Will transitional arrangements apply to the Building Safety Levy rollout?
The draft regulations do not contain any formal transitional provisions.
The current position is therefore that building control applications (which include (a) applications with full plans made to LABC; (b) initial notices given to a local authority by a RBCA; and (c) higher-risk building applications submitted to the BSR) before 1 October 2026 – assuming they are not later rejected – will not be subject to the levy.
This is the case even if they are formally varied after that date. This may lead to a surge in applications before the deadline.
However, it is important to note that if works have not reached the point of "commencement" (as defined in the Building Act 1984 and its various secondary legislation) within three years, then the relevant building control application may lapse. Therefore submitting an application or Initial Notice before 1 October 2026 will not preserve the position indefinitely if works are not substantively commenced within three years.
Building Safety Levy compliance: key takeaways for developers and stakeholders
The Levy represents a significant shift in how the remediation of building safety defects is funded. With detailed draft regulations and guidance now available, developers and stakeholders must prepare for its implementation and start considering its implications in planning and financial models.

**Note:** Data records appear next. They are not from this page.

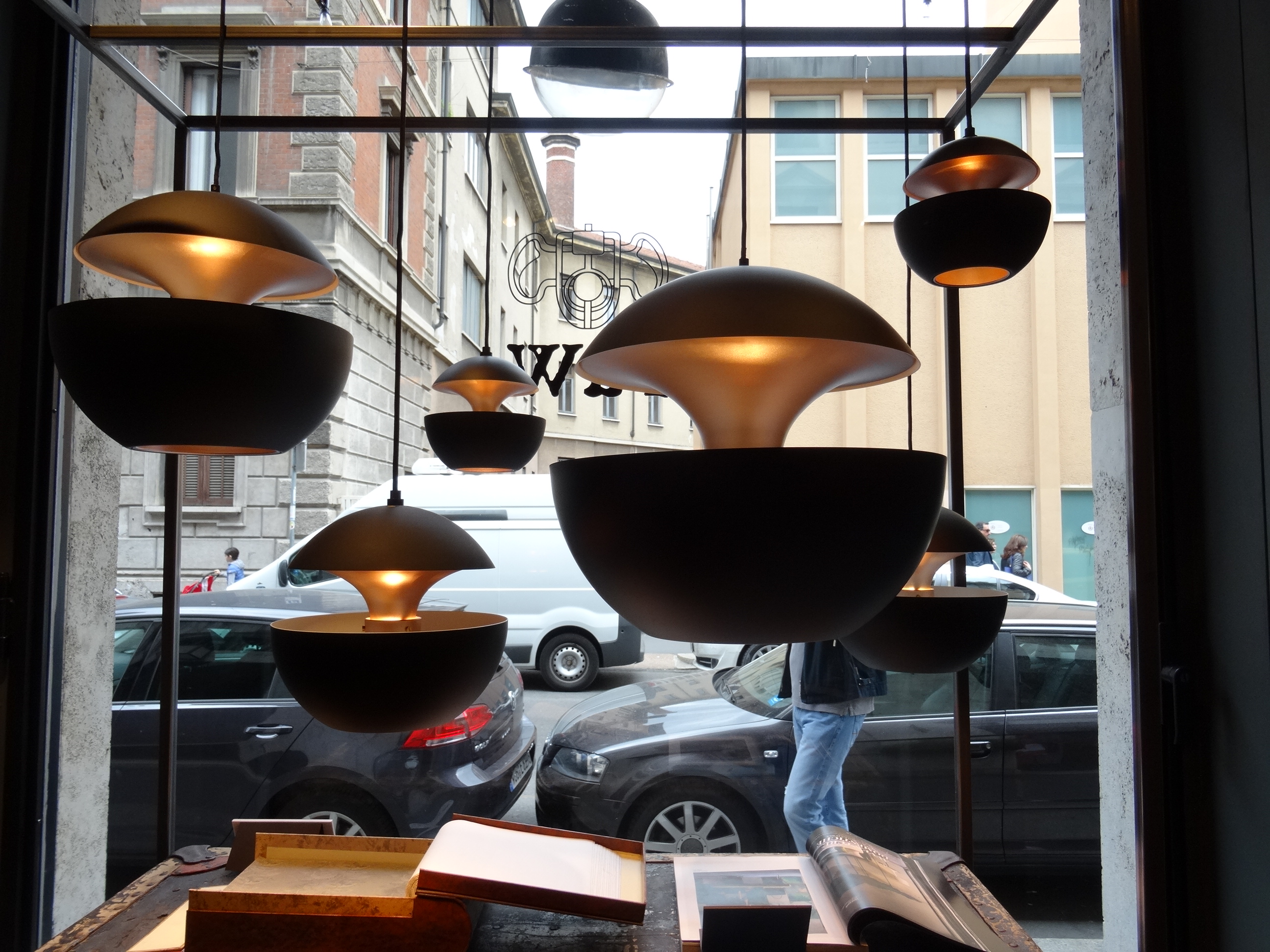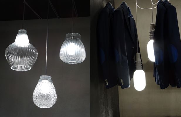 Lampade Karman in un allestimento presso la boutique Manuel Ritz di via Solferino
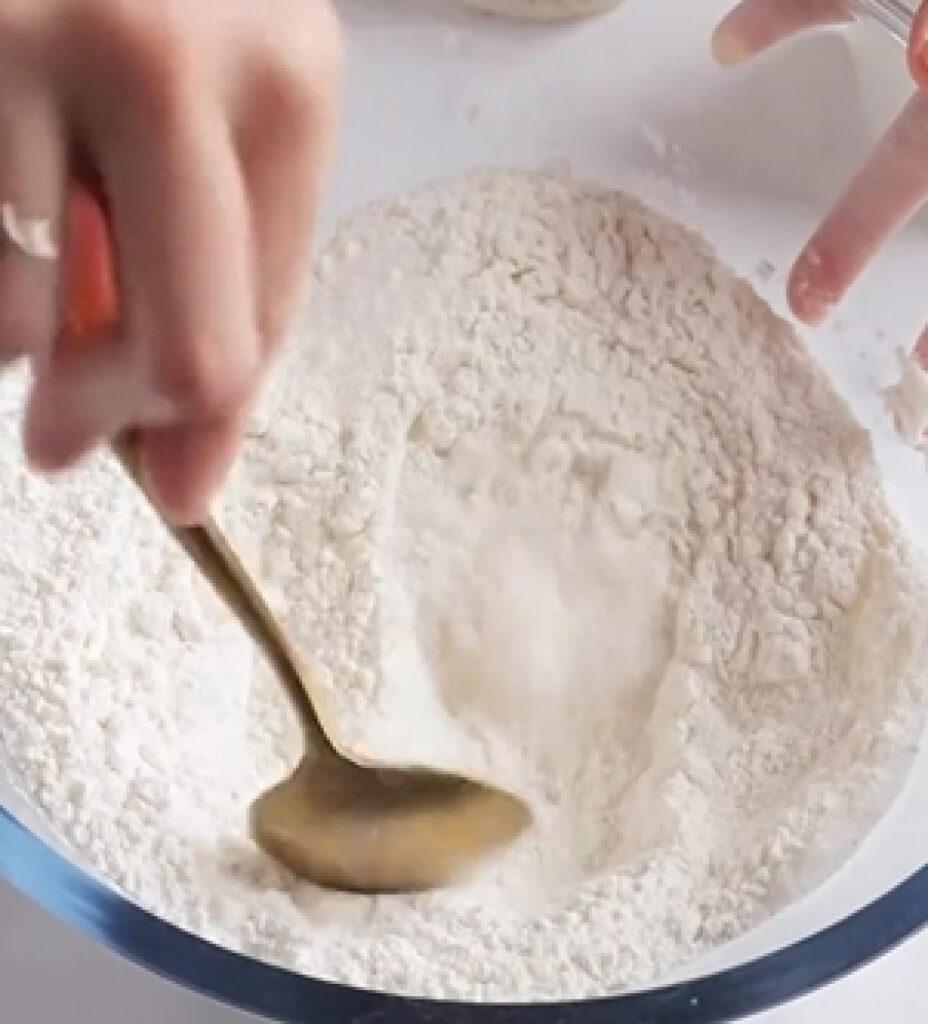 En un bowl, mezclá la harina con el azúcar, la sal y el bicarbonato de sodio.
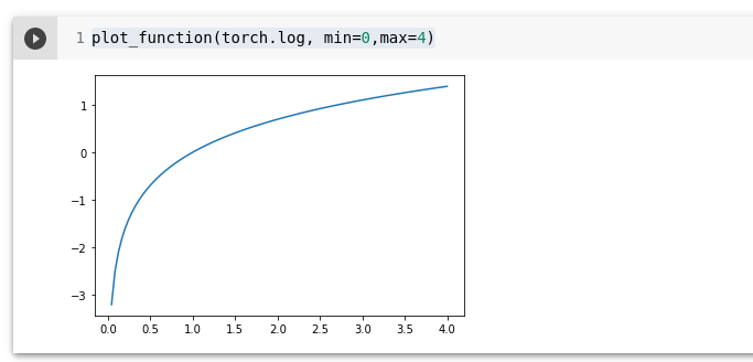 plot_function(torch.log, min=0,max=4)

For tailored advice to determine how the Levy is likely to impact your business, please contact Gemma Whittaker, Julia Dacre Field or Dan Leather.
As explained above, the calculation of the Levy will come relatively late in the development cycle (unlike the Community Infrastructure Levy (CIL) or other planning gain costs, for example, which are typically ascertained at a much earlier stage). Coupled with the possibility of changes in the Levy rate upon its three-yearly review by the Secretary of State, this could present a challenge to traditional deal structuring and pricing methods.
Equally, the frequency of the review, and the factors influencing the Levy rate, may introduce uncertainty for developments that span a review period. Clients will need to factor this into their development appraisals.